Items from a data source:

*** Begin section ***

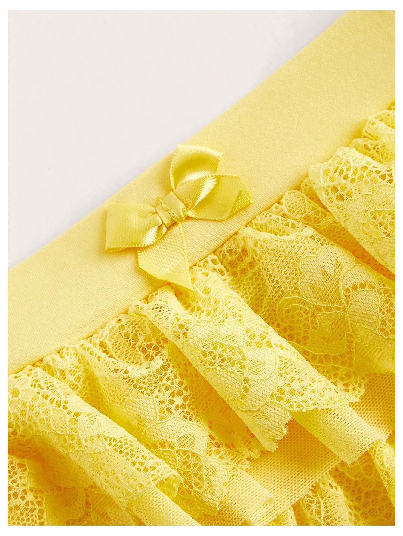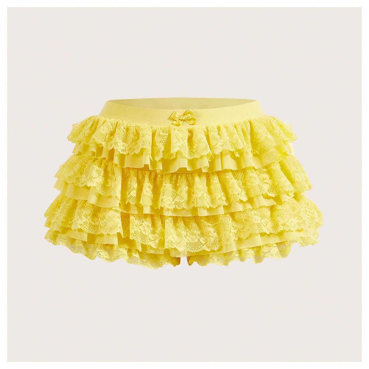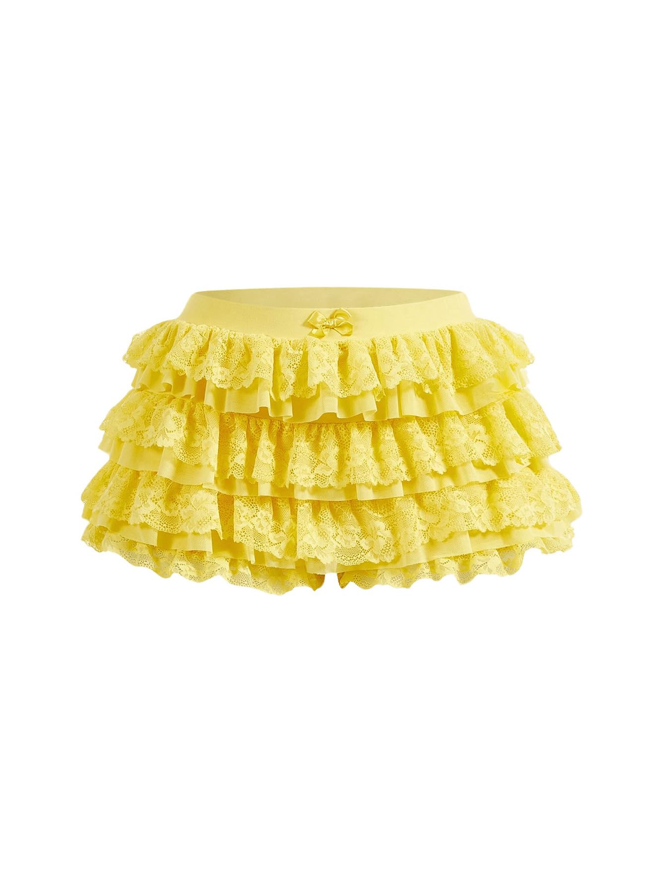 Features: This lace short pants are designed with layered ruffle lace trim, small bow front, elastic waist, low waist and solid color. The shorts have a cute, sweet and fashion style for women.
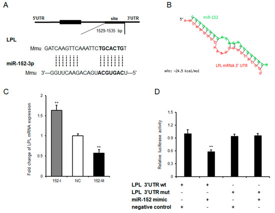 In general, microRNA execute its biological processes through hastening the decay of its target genes by binding to mRNAs’ 3′UTR [22]. To further explore the potential underlying mechanism of how miR-152 regulates adipogenesis, Targetscan was used to predict potential target genes of miR-152. We found that LPL—shown to be important in adipose tissue triglyceride accumulation according to a previous study [23]—is a target of miR-152 Figure 4A. Moreover, the predicted minimum free energy of miR-152 and LPL mRNA 3′UTR was found to be −24.5 kcal/mol by using RNAhybrid [24] (Figure 4B). Next, LPL mRNA levels were detected in 3T3-L1 cells after transfecting the miR-152 mimic, the miR-152 inhibitor or the negative control. qRT-PCR results showed that the transfection of the miR-152 inhibitor significantly increased LPL mRNA expression, and the overexpression of miR-152 showed an opposite effect when compared to the negative control group (Figure 4C). To further validate the inhibitory role of miR-152 on LPL mRNA, we constructed luciferase reporter plasmids containing wild-type (WT) and mutant (MUT) sequences of the LPL 3′UTR region. As seen in Figure 4D, the transfection of the miR-152 mimic significantly suppressed the luciferase activity of plasmids containing the LPL 3′UTR region with miR-152 binding sites, but it did not alter the luciferase activity of plasmids containing the mutant sequence. Collectively, LPL is a bona fide target of miR-152.
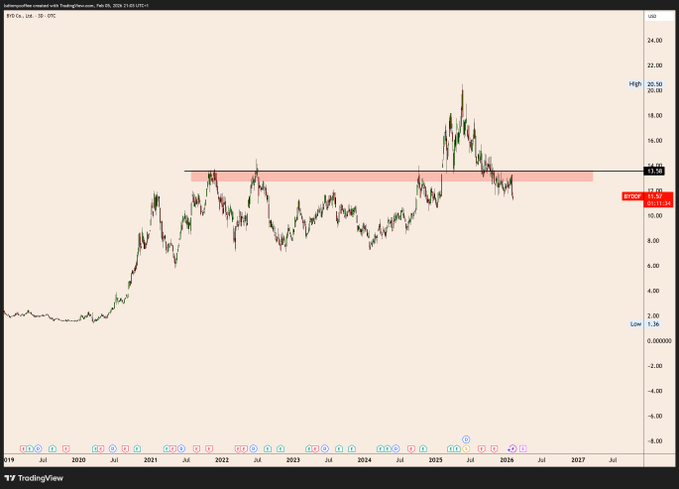 $BYD #1211 BYD는 판매량에서는 테슬라를 앞서고 있지만, 차량당 이익은 매우 적습니다. 이 수준에서 저항선이 형성되는 것은 좋지 않아 보입니다. 3월에 있을 다음 실적 발표에서 실수를 하지 않기를 바랍니다. twitter.com/LSDinmycoffee/stat...
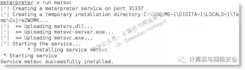 通过调用run命令,执行metsvc代理如下图所示。可以看到,它创建了一个临时安装的目录,上传三个文件(metsrv.dll、metsvc-server.exe和metsvc.exe),随后启动metsvc。
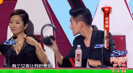 2013年的《快樂男聲》錄製現場,陳坤突然把耳機扔向同為評委的謝霆鋒。坐在中間桃子,被嚇了一跳,眼睛瞪得賊大。
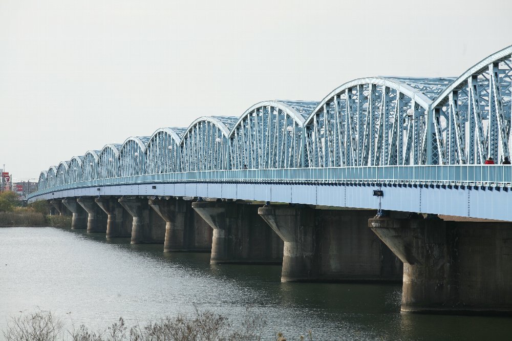 この橋は吊橋ではなく「吊弦のあるカンチレバートラス」という形式だと思われる。@Einshaltさんのご教示による。「吊橋」としたのは、現在建設中の「新鴨緑江大橋」の記事を私が誤読したものと推測。
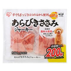| 特長 | ●ガムをささみで巻いたささみ巻きジャーキーです。 ●長くしっかり噛める、ガムタイプです。 ●愛犬の健康に配慮し、無着色&低脂肪※にしています。(※アイリスオーヤマ ビーフジャーキーの約70%カット) ●農林水産省より指定加熱処理施設として認定された工場でつくりました。 |
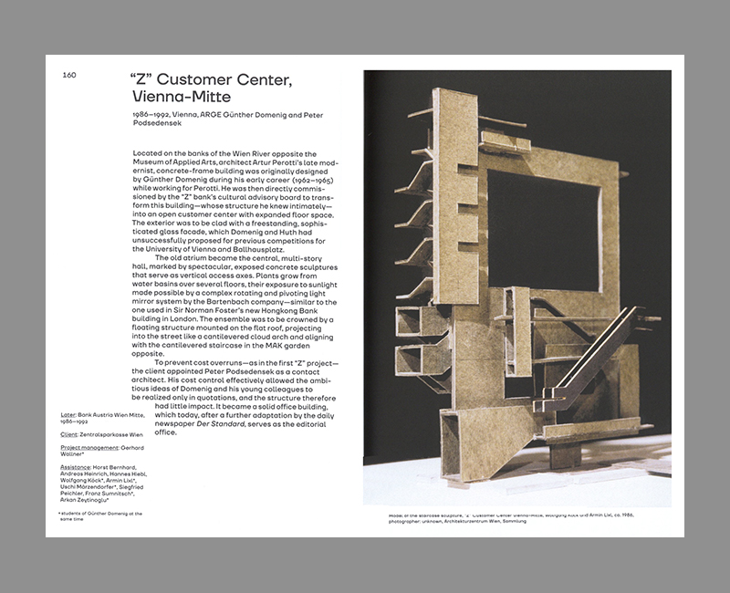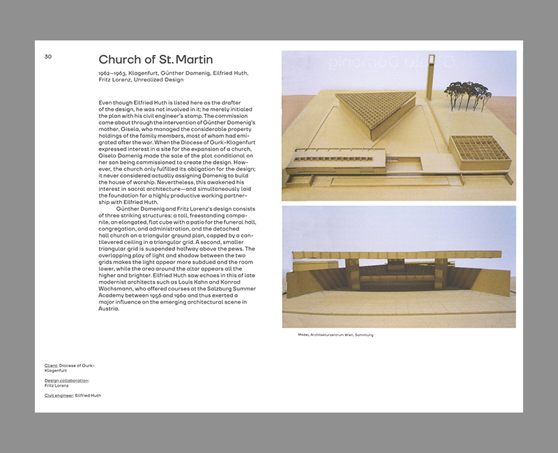 The book showcases “his” buildings and unrealized projects, supplemented by short biographies of the key participants, reflecting their respective roles in joint undertakings. Moreover, it explores Domenig’s two decades as a professor at Graz University of Technology’s Faculty of Architecture (1980–2000). Teaching boosted his own career and induced a back-and-forth flux of knowledge and people—students and employees of different generations—between his studio and the university.
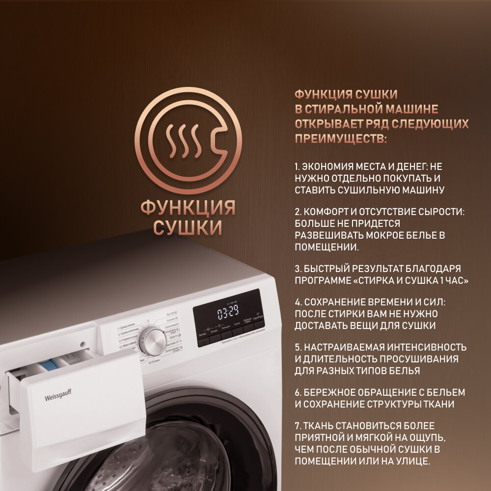 Стиральная машина с сушкой, инвертором и паром Weissgauff WMD 6148 DC Inverter Steam
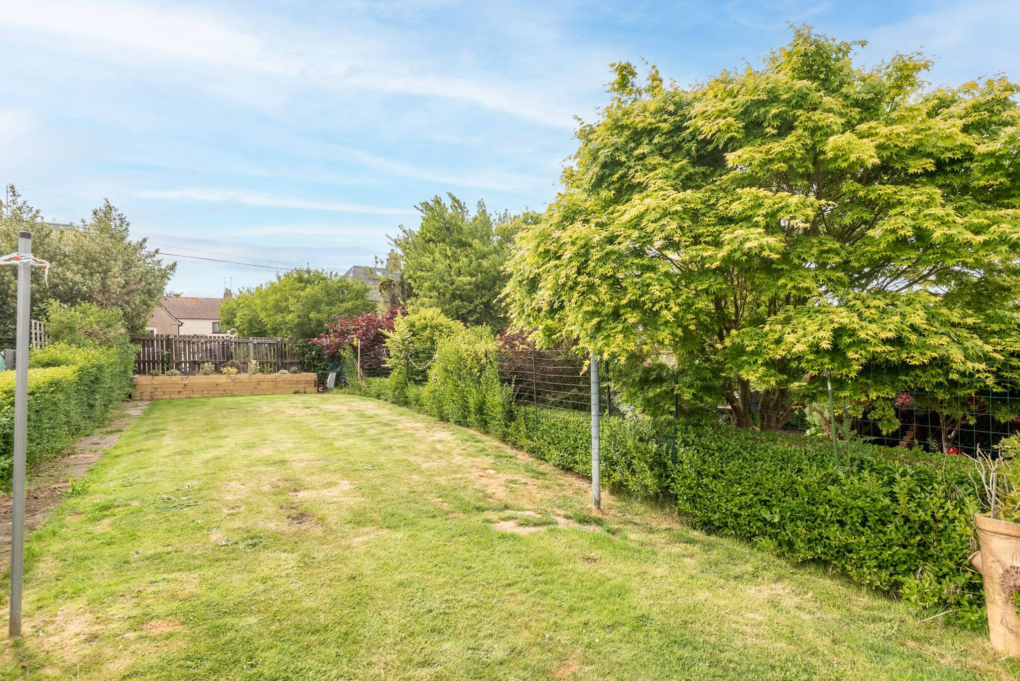 Golf Retreat is a spacious, detached property situated on a quiet cul-de-sac just a mile or so from the heart of St Andrews — superb for families or couples hoping to explore the beaches, cafés, golf courses, and historical attractions in the town, and also looking to enjoy a peaceful and relaxed getaway. The master bedroom boasts a super king bed, and there are also two twin rooms, meaning that the property sleeps up to six guests. All beds are zip and link for more flexibility. Two small dogs are welcome if you want to extend your party! The south facing, landscaped garden is accessed via double doors in the living room and boasts a delightful decked and patio area. The secluded garden is one of the property's best features, and has been designed to enable guests to enjoy slow morning coffees, al fresco lunches, evening drinks, and relaxed barbecues. In the case of inclement weather, there's a lovely dining area inside and a well-equipped kitchen with a dishwasher, microwave, oven, and cooking utensils. The shower room is also on the ground floor, and toiletries (shampoo,shower gel,body lotion and soap) are provided.
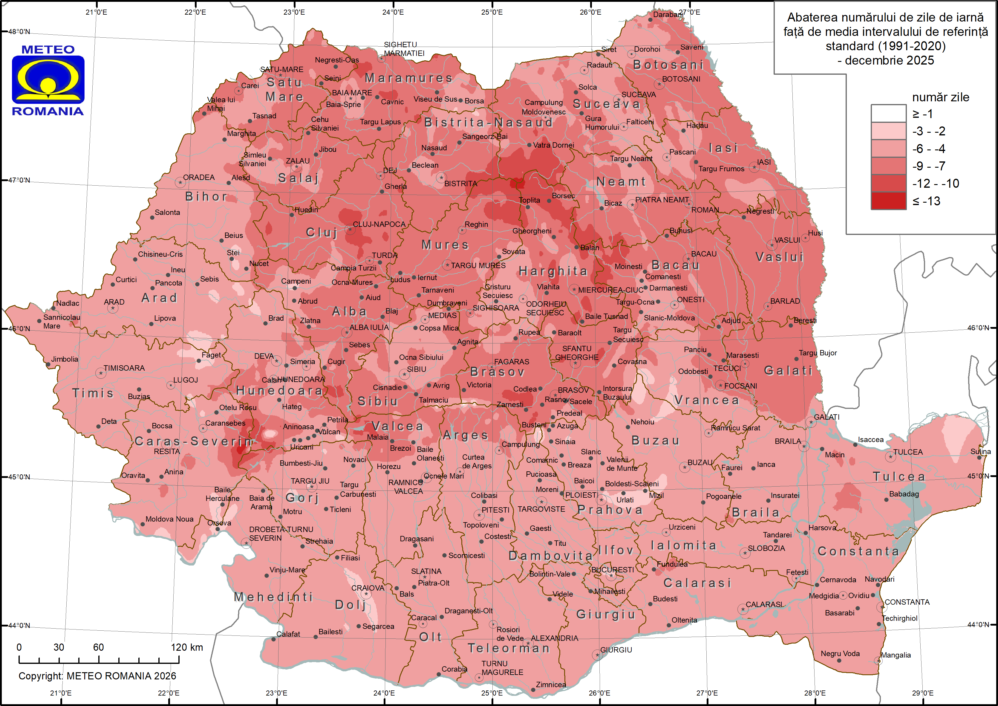 Analiza abaterii numărului de zile de iarnă din decembrie 2025 față de media intervalului de referință standard (1991 - 2020) evidențiază anomalii negative pe întreg teritoriul țării, indicând un număr mai redus de zile cu temperaturi maxime ≤ 0 °C comparativ cu normalul climatologic (figura 10). Cele mai pronunțate abateri negative, peste 15 zile, s-au înregistrat în zona montană înaltă din Carpații de Curbură, unde, chiar dacă frecvența zilelor de iarnă a fost mare, diferența față de media multianuală a fost semnificativă. Abateri negative cuprinse între 13 și 15 zile au caracterizat, în general, zona montană și centrul Transilvaniei, în timp ce valori de 10 – 12 zile s-au consemnat în Moldova, nordul Munteniei și în cea mai mare parte a Transilvaniei. În Muntenia, Oltenia și în vestul țării, abaterile negative au fost mai reduse, situându-se, în general, între 7 și 9 zile, iar în vestul Banatului, vestul Olteniei și în zona litorală, acestea au avut valori sub 6 zile, reflectând un caracter mai blând al regimului termic din această lună.
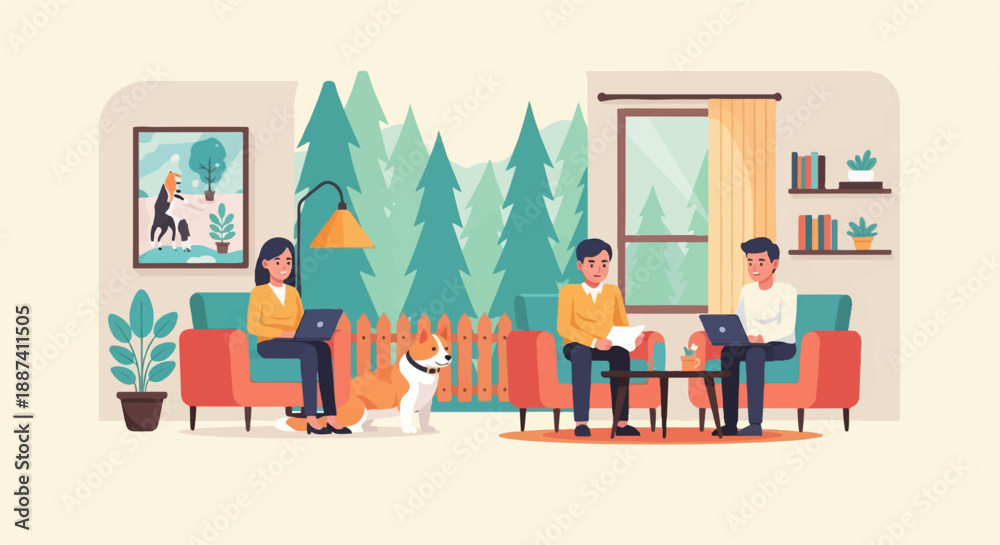 Obraz na płótnie Canvas - People working from home with dog, surrounded by plants and forest scenery.
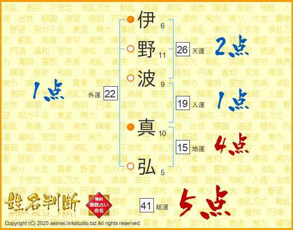 伊(6画)野(11画)波(9画) 真(10画)弘(5画)
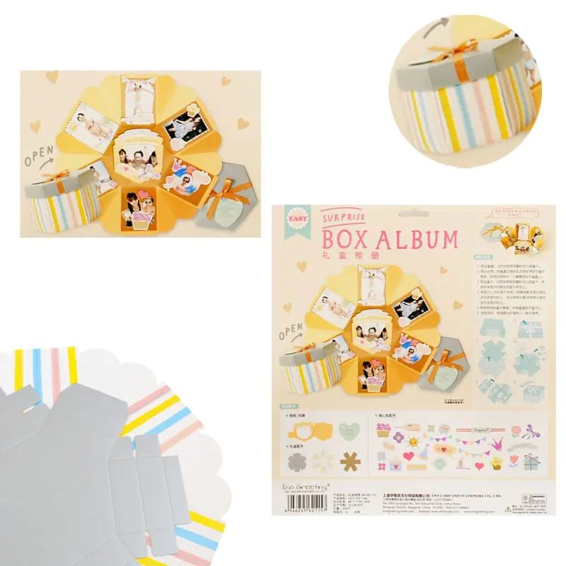 Kрафт комплект за "Скрапбукинг - Снимков албум - Картичка в шестоъгълна кутия" с елементи за декорация.
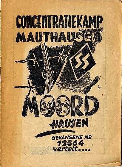 Persoonlijk verslag van het verblijf van 'gevangene 12564' in concentratiekamp Mauthausen, met op de achterkant de tekst van een persbericht van 15 juni: "In de afgelopen winter gaf H.M. de Koningin Haar voornemen te kennen, om te zijder tijd de slachtoffers van de binnenlandscha verzetsstrijd in de meest ruime zin des woords, geldelijk te ondersteunen. Gevolg gevend aan dit voornemen deed H.M. de Koningin dezer dagen eer bedrag van f. 500.000 overschrijven op rekening van de "Stichting 1940-1945". Onze landsvrouwe gaf het voorbeeld... Elke goede Nederlander volge!" Het boekje omvat 16 pagina's.
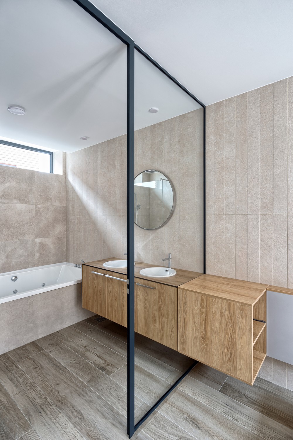 Sve tri sobe dele zajedničku terasu, dok jedna od njih ima i izlaz na lođu. Dečije kupatilo je odvojeno od roditeljskog, do kojeg se stupa direktno iz njihove spavaće sobe. Takođe je predviđeno da roditeljska spavaća soba sadrži garderobu, vežbaonicu i saunu. U enterijeru preovladavaju svetli, neutralni tonovi, sa detaljima poput staklenih panela umesto gelendera.
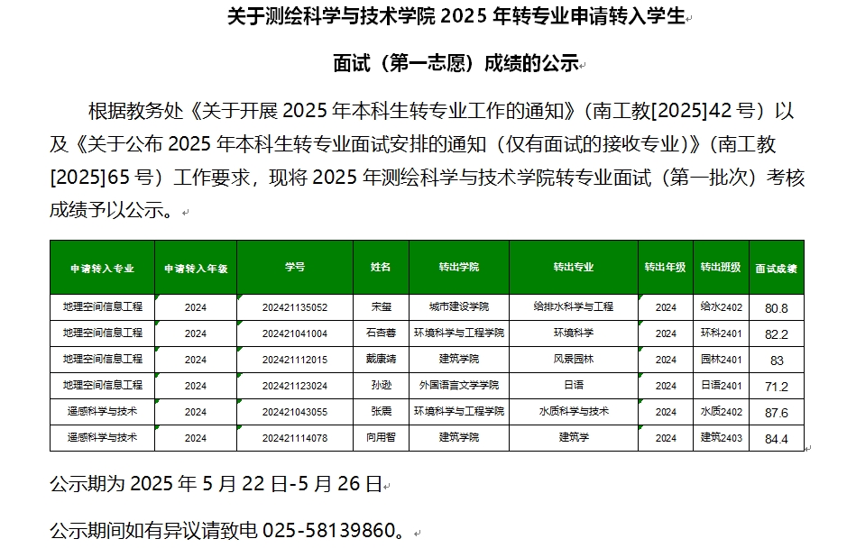 关于太阳成集团122ccvip2025年转专业申请转入员工面试(第一志愿)成绩的公示
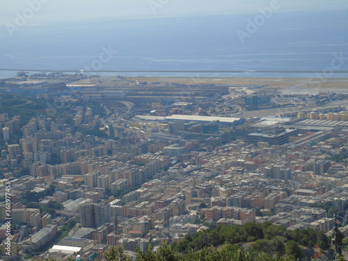 Genova, Italy – 07/30/2020: Beautiful scenic aerial view of the city, port, dam, sea, Cristoforo Colombo airport runway, containers shipping terminal, Pra, Voltri, and Sestri promontory from Monte Gaz

*** End section ***

# Try it
Please return all of the entries word for word, excluding the pictures.

# Solution for this task
 Features: This lace short pants are designed with layered ruffle lace trim, small bow front, elastic waist, low waist and solid color. The shorts have a cute, sweet and fashion style for women.
 In general, microRNA execute its biological processes through hastening the decay of its target genes by binding to mRNAs’ 3′UTR [22]. To further explore the potential underlying mechanism of how miR-152 regulates adipogenesis, Targetscan was used to predict potential target genes of miR-152. We found that LPL—shown to be important in adipose tissue triglyceride accumulation according to a previous study [23]—is a target of miR-152 Figure 4A. Moreover, the predicted minimum free energy of miR-152 and LPL mRNA 3′UTR was found to be −24.5 kcal/mol by using RNAhybrid [24] (Figure 4B). Next, LPL mRNA levels were detected in 3T3-L1 cells after transfecting the miR-152 mimic, the miR-152 inhibitor or the negative control. qRT-PCR results showed that the transfection of the miR-152 inhibitor significantly increased LPL mRNA expression, and the overexpression of miR-152 showed an opposite effect when compared to the negative control group (Figure 4C). To further validate the inhibitory role of miR-152 on LPL mRNA, we constructed luciferase reporter plasmids containing wild-type (WT) and mutant (MUT) sequences of the LPL 3′UTR region. As seen in Figure 4D, the transfection of the miR-152 mimic significantly suppressed the luciferase activity of plasmids containing the LPL 3′UTR region with miR-152 binding sites, but it did not alter the luciferase activity of plasmids containing the mutant sequence. Collectively, LPL is a bona fide target of miR-152.
 $BYD #1211 BYD는 판매량에서는 테슬라를 앞서고 있지만, 차량당 이익은 매우 적습니다. 이 수준에서 저항선이 형성되는 것은 좋지 않아 보입니다. 3월에 있을 다음 실적 발표에서 실수를 하지 않기를 바랍니다. twitter.com/LSDinmycoffee/stat...
 通过调用run命令,执行metsvc代理如下图所示。可以看到,它创建了一个临时安装的目录,上传三个文件(metsrv.dll、metsvc-server.exe和metsvc.exe),随后启动metsvc。
 2013年的《快樂男聲》錄製現場,陳坤突然把耳機扔向同為評委的謝霆鋒。坐在中間桃子,被嚇了一跳,眼睛瞪得賊大。
 この橋は吊橋ではなく「吊弦のあるカンチレバートラス」という形式だと思われる。@Einshaltさんのご教示による。「吊橋」としたのは、現在建設中の「新鴨緑江大橋」の記事を私が誤読したものと推測。
| 特長 | ●ガムをささみで巻いたささみ巻きジャーキーです。 ●長くしっかり噛める、ガムタイプです。 ●愛犬の健康に配慮し、無着色&低脂肪※にしています。(※アイリスオーヤマ ビーフジャーキーの約70%カット) ●農林水産省より指定加熱処理施設として認定された工場でつくりました。 |
 The book showcases “his” buildings and unrealized projects, supplemented by short biographies of the key participants, reflecting their respective roles in joint undertakings. Moreover, it explores Domenig’s two decades as a professor at Graz University of Technology’s Faculty of Architecture (1980–2000). Teaching boosted his own career and induced a back-and-forth flux of knowledge and people—students and employees of different generations—between his studio and the university.
 Стиральная машина с сушкой, инвертором и паром Weissgauff WMD 6148 DC Inverter Steam
 Golf Retreat is a spacious, detached property situated on a quiet cul-de-sac just a mile or so from the heart of St Andrews — superb for families or couples hoping to explore the beaches, cafés, golf courses, and historical attractions in the town, and also looking to enjoy a peaceful and relaxed getaway. The master bedroom boasts a super king bed, and there are also two twin rooms, meaning that the property sleeps up to six guests. All beds are zip and link for more flexibility. Two small dogs are welcome if you want to extend your party! The south facing, landscaped garden is accessed via double doors in the living room and boasts a delightful decked and patio area. The secluded garden is one of the property's best features, and has been designed to enable guests to enjoy slow morning coffees, al fresco lunches, evening drinks, and relaxed barbecues. In the case of inclement weather, there's a lovely dining area inside and a well-equipped kitchen with a dishwasher, microwave, oven, and cooking utensils. The shower room is also on the ground floor, and toiletries (shampoo,shower gel,body lotion and soap) are provided.
 Analiza abaterii numărului de zile de iarnă din decembrie 2025 față de media intervalului de referință standard (1991 - 2020) evidențiază anomalii negative pe întreg teritoriul țării, indicând un număr mai redus de zile cu temperaturi maxime ≤ 0 °C comparativ cu normalul climatologic (figura 10). Cele mai pronunțate abateri negative, peste 15 zile, s-au înregistrat în zona montană înaltă din Carpații de Curbură, unde, chiar dacă frecvența zilelor de iarnă a fost mare, diferența față de media multianuală a fost semnificativă. Abateri negative cuprinse între 13 și 15 zile au caracterizat, în general, zona montană și centrul Transilvaniei, în timp ce valori de 10 – 12 zile s-au consemnat în Moldova, nordul Munteniei și în cea mai mare parte a Transilvaniei. În Muntenia, Oltenia și în vestul țării, abaterile negative au fost mai reduse, situându-se, în general, între 7 și 9 zile, iar în vestul Banatului, vestul Olteniei și în zona litorală, acestea au avut valori sub 6 zile, reflectând un caracter mai blând al regimului termic din această lună.
 Obraz na płótnie Canvas - People working from home with dog, surrounded by plants and forest scenery.
 伊(6画)野(11画)波(9画) 真(10画)弘(5画)
 Kрафт комплект за "Скрапбукинг - Снимков албум - Картичка в шестоъгълна кутия" с елементи за декорация.
 Persoonlijk verslag van het verblijf van 'gevangene 12564' in concentratiekamp Mauthausen, met op de achterkant de tekst van een persbericht van 15 juni: "In de afgelopen winter gaf H.M. de Koningin Haar voornemen te kennen, om te zijder tijd de slachtoffers van de binnenlandscha verzetsstrijd in de meest ruime zin des woords, geldelijk te ondersteunen. Gevolg gevend aan dit voornemen deed H.M. de Koningin dezer dagen eer bedrag van f. 500.000 overschrijven op rekening van de "Stichting 1940-1945". Onze landsvrouwe gaf het voorbeeld... Elke goede Nederlander volge!" Het boekje omvat 16 pagina's.
 Sve tri sobe dele zajedničku terasu, dok jedna od njih ima i izlaz na lođu. Dečije kupatilo je odvojeno od roditeljskog, do kojeg se stupa direktno iz njihove spavaće sobe. Takođe je predviđeno da roditeljska spavaća soba sadrži garderobu, vežbaonicu i saunu. U enterijeru preovladavaju svetli, neutralni tonovi, sa detaljima poput staklenih panela umesto gelendera.
 关于太阳成集团122ccvip2025年转专业申请转入员工面试(第一志愿)成绩的公示
 Genova, Italy – 07/30/2020: Beautiful scenic aerial view of the city, port, dam, sea, Cristoforo Colombo airport runway, containers shipping terminal, Pra, Voltri, and Sestri promontory from Monte Gaz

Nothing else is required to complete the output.